# Convert Carrier thermostats to Nest



## flyerii (Aug 15, 2014)

I have a Carrier system in my home, with 2 remote sensors. 1 of these is the "main thermostat" and the other is a remote sensor. These go to a central Carrier control panel, which goes to the HVAC system, with traditional wiring (Y, C, G, Rh, W, etc.).

The sensors have the following:
- V+
- VG
- RS-
- RS+

From reading forums, it appears as if this is the configuration:
- V+: power
- VG: common
- RS-: remote sensor negative
- RS+: remote sensor positive

I know that Carrier uses a proprietary protocol, but am trying to figure out whether I can get a traditionally wired thermostat to work with this Carrier configuration. 

I am tempted to try the following:
- V+ --> Rh
- VG --> C 
- RS- --> Y
- RS+ --> W

Not sure if this will work or is prudent. 

Also, my current configuration allows me to turn the fan on & off, but in this 4 wire system, I don't have anything that will go to "G". I'm fine losing this functionality, but not sure if this will cause other issues.

Can someone please advise?


----------



## gregzoll (Dec 25, 2006)

Stick with the Carrier.
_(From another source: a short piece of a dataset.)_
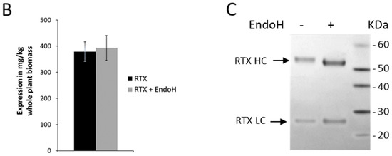 The genetic sequences of antibodies’ heavy and light chains and Endoglycosidase H (GenBank: AAA26738.1) were each fused to the barley α-amylase signal peptide sequence (GenBank: CAX51374.1). For rituximab sequences, the DrugBank accession DB00073 was used where a valine residue at position 219 (original to human IgG1) was described while in the original patent (US patent No. 5736137), Rituxan® has an alanine residue substitution at position 219. Antibodies’ heavy and light chain genes were cloned into magnICON® TMV- and PVX plant expression vectors (Icon Genetics GmbH, Halle, Germany) [72], respectively. The Endoglycosidase H gene was fused to genetic sequences of the endoplasmic reticulum (ER) retrieval peptide SEKDEL and the epitope Flag tag at the 3’ end before being cloned into the binary vector pGREENII (John Innes Center, Norwich, UK; GenBank: EF590266.1) [73]. All DNA sequences were codon optimized for expression in Nicotiana benthamiana and synthesized by ATUM (Newark, CA, USA) for the antibody genes and Eurofins MWG operon (Louisville, KY, USA) for the Endoglycosidase H gene. All expression vectors were then mobilized separately into Agrobacterium tumefaciens strain GV3101 by electroporation. The vector pGREENII containing the Endo-H gene was mobilized in Agrobacteria together with the helper vector pSOUP (John Innes Center, Norwich, UK) [73].

You will not be able to use the Nest, due to having the remote sensor for your current unit. There are other thermostats that will work with your setup.
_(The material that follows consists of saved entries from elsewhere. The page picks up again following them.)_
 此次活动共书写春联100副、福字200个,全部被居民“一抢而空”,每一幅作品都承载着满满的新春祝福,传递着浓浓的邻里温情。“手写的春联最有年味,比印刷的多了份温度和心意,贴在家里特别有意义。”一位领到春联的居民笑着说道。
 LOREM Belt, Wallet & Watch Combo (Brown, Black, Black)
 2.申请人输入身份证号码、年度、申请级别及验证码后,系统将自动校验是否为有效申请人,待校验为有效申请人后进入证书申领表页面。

What is the model of the Carrier thermostat that you have?


----------



## flyerii (Aug 15, 2014)

I have a Comfort Zone (ZoneCC 2)and a Smart Sensor II.


----------



## HVACTECH96 (Oct 16, 2012)

The zone system you have is not compatable with any other type of aftermarket t- stats.The interface(main stat) and sensors are a comunicating type system.It does not use 24vac to control equipment.The system uses DC signals between interface and zone board.


----------



## flyerii (Aug 15, 2014)

Having done more homework, it looks like I would need to switch out my control board if I want to get WiFi capabilities, which I'm willing to do. Any recommendations? 

Here is a picture of my current board:


----------



## gregzoll (Dec 25, 2006)

Contact your local Carrier dealer. Carrier carries Wifi Thermostats. http://www.carrier.com/homecomfort/en/us/products/controls-and-thermostats/


----------



## flyerii (Aug 15, 2014)

I did. They claimed that the ComfortZone II is not compatible with anything Wifi & that they need to swap out the control board.


----------



## gregzoll (Dec 25, 2006)

flyerii said:


> I did. They claimed that the ComfortZone II is not compatible with anything Wifi & that they need to swap out the control board.
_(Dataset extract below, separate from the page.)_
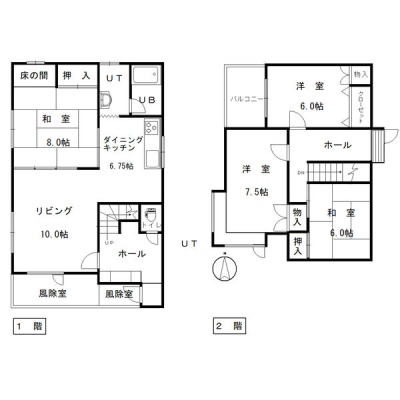 4LDK└ 1階:LDK16.75帖 和室8帖 / 2階:洋室7.5帖 洋室8帖 和室6帖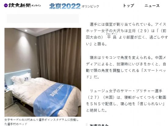 日本《讀賣新聞》7日也刊文介紹了奧運村的食宿和防疫。文章援引日本女子冰球選手大澤千穗的話說,房間比往屆奧運會的“寬敞很多,很舒適”。

That is correct. You have no other choice with your setup.


----------



## flyerii (Aug 15, 2014)

Does anyone have a recommendation for a different board for me? I'm trying to shift from Carrier's ComfortZone II with a user interface + 1 smart sensor to a standard wired thermostat. So, what I think I need is a board which has the following characteristics:

- Support for 2 zones
- Support for 2 dampeners (with wiring for open, close, common)
- Leaving Air Temp sensor


----------



## HVACTECH96 (Oct 16, 2012)

any zone first (formally trol a temp) will work.zone board can use any brand of stat


----------



## flyerii (Aug 15, 2014)

I just ordered a MMZ3 (control panel) and a ZPS (sensor) from zonefirst.com. They were very helpful going through everything on the phone. Will update this thread on whether this works out or not.


----------



## jcg17 (Oct 16, 2017)

How did this turn out? I'm in a similar predicament so I'm curious if you changed out the control panel. Thanks!


----------